Interspersed in the text there are several author’s notes. Many are extensive. In them, the author discusses some of the difficulties and enigmas of writing crime fiction after about two hundred years of the genre and a twentieth century that has it crawling out of the woodwork and everyone’s brains. If this sounds dull, it isn’t. The author’s comments are witty, insightful, learned, irreverent, written with great verve and inventiveness, and often very funny. They themselves involve motifs drawn from relevant genres: the mysterious stranger who offers to narrate the piece, the author’s own increasing unease, his confrontations with the sinister stranger-narrator, his probable disposal of the tough-talking, out-of-control alter ego.

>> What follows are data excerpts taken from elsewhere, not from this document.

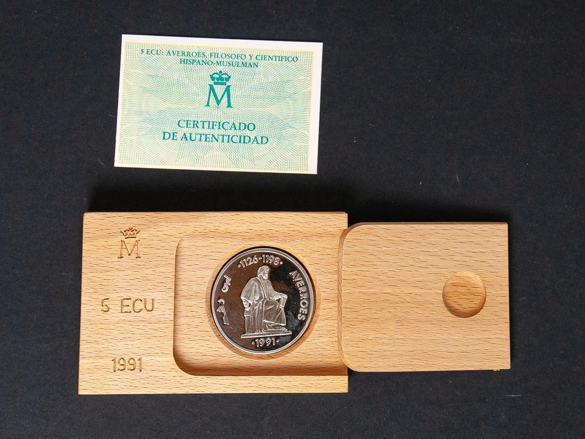 English JUAN CARLOS I (1975-2014). 5 Ecu. (Ar. 33.62g / 42mm). Averroes. 1991. FDC. 50,000 units. Includes official box and certificate of authenticity.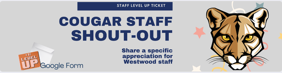 Share a quick appreciation of a Westwood staff member by following this link or by clicking on the graphic below. This appreciation will be shared with Mr. Meyer and the staff member. Appreciations and encouragement help us as we navigate each day! Thank you! |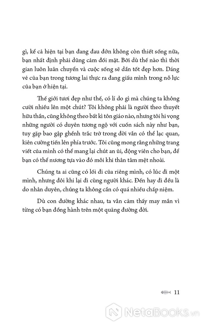 "Thế giới tươi đẹp như thế, có lí do gì mà chúng ta không cười nhiều lên một chút? Tôi không phải là người theo thuyết hữu thần, cũng không theo bất kì tôn giáo nào, nhưng tôi hi vọng những người có duyên tương ngộ với cuốn sách này như bạn, tuy gặp bao gập ghềnh trắc trở trong đời vẫn có thể lạc quan, kiên cường tiến lên phía trước. Tôi cũng mong rằng những trang viết của mình có thể mang lại chút an ủi, động viên bạn, để bạn có thể nương tựa vào đó mỗi khi thân tâm mệt nhoài."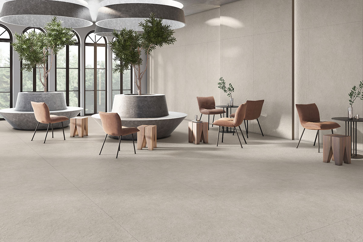 Neo Chiro takes inspiration from cast concrete surfaces, translating their quiet strength into a refined ceramic expression. The design features a balanced interplay of soft granularity and tonal depth—giving the surface a lived-in, architectural feel. Its warm taupe base is gently textured with subtle variations that create visual movement while remaining understated. Ideal for spaces seeking a raw, contemporary foundation with timeless elegance.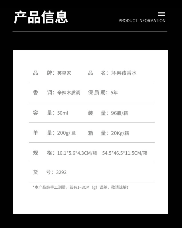 - Specifications: 3292 Bad Boy 50ML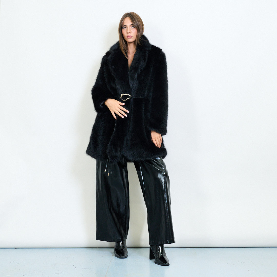• معطف الفرو الفاخر الفاخر مع نسيج أفخم ناعم
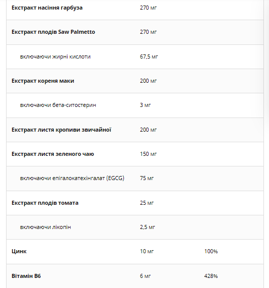Він містить цілих 6 натуральних інгредієнтів, які можуть допомогти полегшити симптоми простати, такі як часте сечовипускання, дискомфорт, біль і проблеми з сечовипусканням.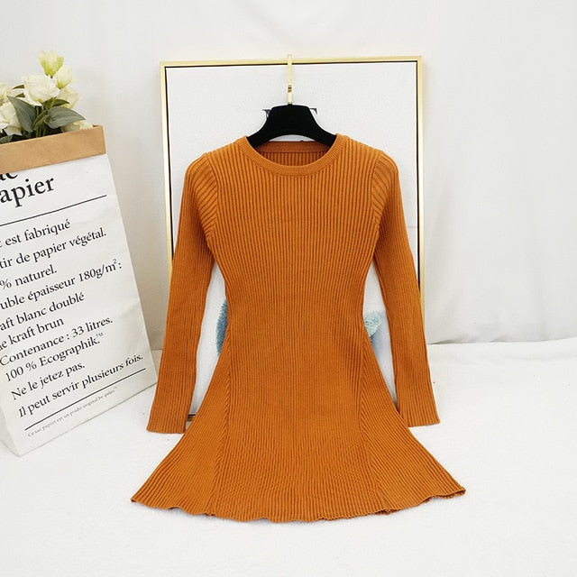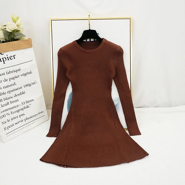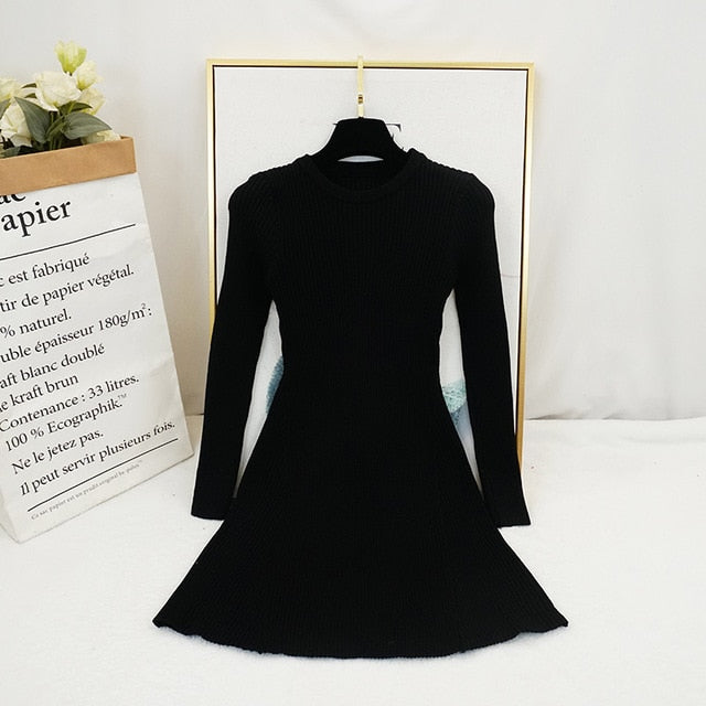 Long-Sleeved Solid O-Neck Collar Mini Dress with Nylon Acrylic Material

As a crash course in the contexts of anyone’s writing a crime novel (or reading one) these days, you could hardly do better.
Crown of Beaks is a good read (cliché again, I know) in the broadest sense. It offers a complex and absorbing tale; it never bores you; it is intelligent and insightful, and funny too; it touches one or two raw nerves; it pushes the envelope. It is an impressive addition to Martiny’s diverse (and yet, I think, related) fictions.
Review by David Malcolm.
Crown of Beaks by Erik Martiny is available from River Boat Books.